> [WHAT YOU WILL DO]:
Please transcribe the data below in full. Omit any picture you find in it.

> [EXERCISE DATA]:
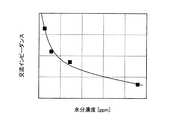 インピーダンス測定回路17は、多孔質電極1に接続され、多孔質電極1に交流電圧を印加することにより多孔質電極1間の交流インピーダンス(即ち、固体電解質膜2の交流インピーダンス)を測定する(インピーダンス測定手段)。そして、インピーダンス測定回路17は、インピーダンスの測定値を演算部19に出力する。図10は、絶縁ガス中の水分濃度(ppm)と固体電解質膜2の交流インピーダンス(Ω)との関係を示したグラフであり、測定結果に基づいて作成されたものである。図10に示すように、交流インピーダンスは水分濃度の増加に対して単調減少している。  The
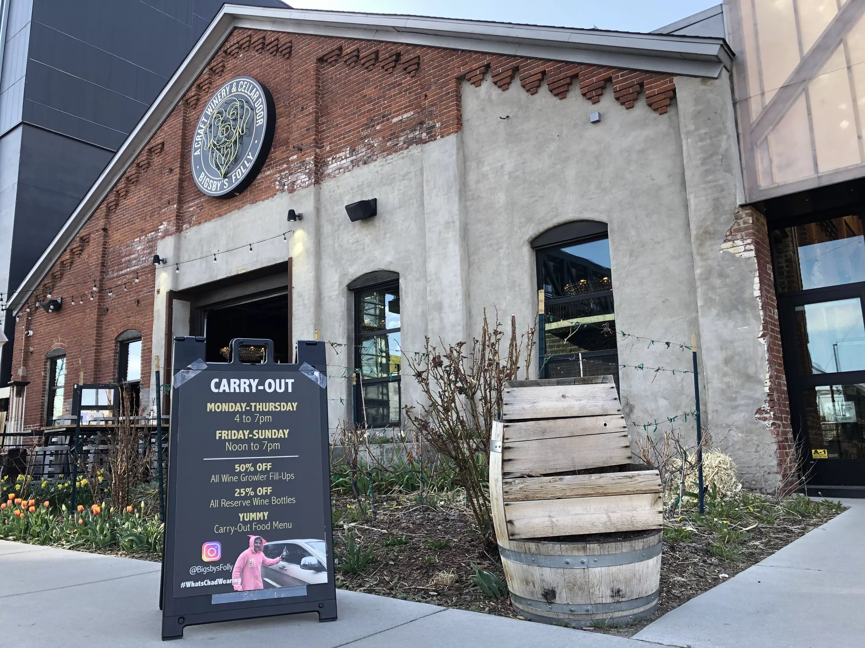 Bigsby’s Folly Craft Winery, at 3563 Wazee Street, is offering carryout and curbside service from 4 to 7 p.m. Monday through Thursday, and noon to 7 p.m. Friday through Sunday (except this Sunday, when the restaurant and bar will be closed for Easter). Visit the winery’s website for text and email instructions.
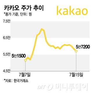 김범수 카카오 창업주가 특검 소환 요청을 받으면서 15일 카카오 그룹주가 약세를 보였다.
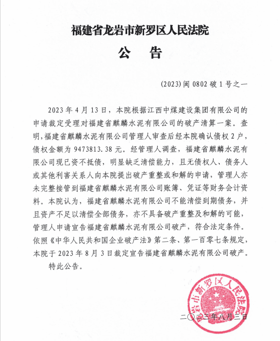 8月4日,福建省龍巖市新羅區(qū)人民法院公告,福建省麒麟水泥有限公司不能清償?shù)狡趥鶆?wù),并且資產(chǎn)不足以清償全部債務(wù),亦不具備破產(chǎn)重整及和解的可能,管理人申請宣告福建省麒麟水泥有限公司破產(chǎn),本院于裁定宣告福建省麒麟水泥有限公司破產(chǎn)。

> [SOLVED PROBLEM]:
 インピーダンス測定回路17は、多孔質電極1に接続され、多孔質電極1に交流電圧を印加することにより多孔質電極1間の交流インピーダンス(即ち、固体電解質膜2の交流インピーダンス)を測定する(インピーダンス測定手段)。そして、インピーダンス測定回路17は、インピーダンスの測定値を演算部19に出力する。図10は、絶縁ガス中の水分濃度(ppm)と固体電解質膜2の交流インピーダンス(Ω)との関係を示したグラフであり、測定結果に基づいて作成されたものである。図10に示すように、交流インピーダンスは水分濃度の増加に対して単調減少している。  The
 Bigsby’s Folly Craft Winery, at 3563 Wazee Street, is offering carryout and curbside service from 4 to 7 p.m. Monday through Thursday, and noon to 7 p.m. Friday through Sunday (except this Sunday, when the restaurant and bar will be closed for Easter). Visit the winery’s website for text and email instructions.
 김범수 카카오 창업주가 특검 소환 요청을 받으면서 15일 카카오 그룹주가 약세를 보였다.
 8月4日,福建省龍巖市新羅區(qū)人民法院公告,福建省麒麟水泥有限公司不能清償?shù)狡趥鶆?wù),并且資產(chǎn)不足以清償全部債務(wù),亦不具備破產(chǎn)重整及和解的可能,管理人申請宣告福建省麒麟水泥有限公司破產(chǎn),本院于裁定宣告福建省麒麟水泥有限公司破產(chǎn)。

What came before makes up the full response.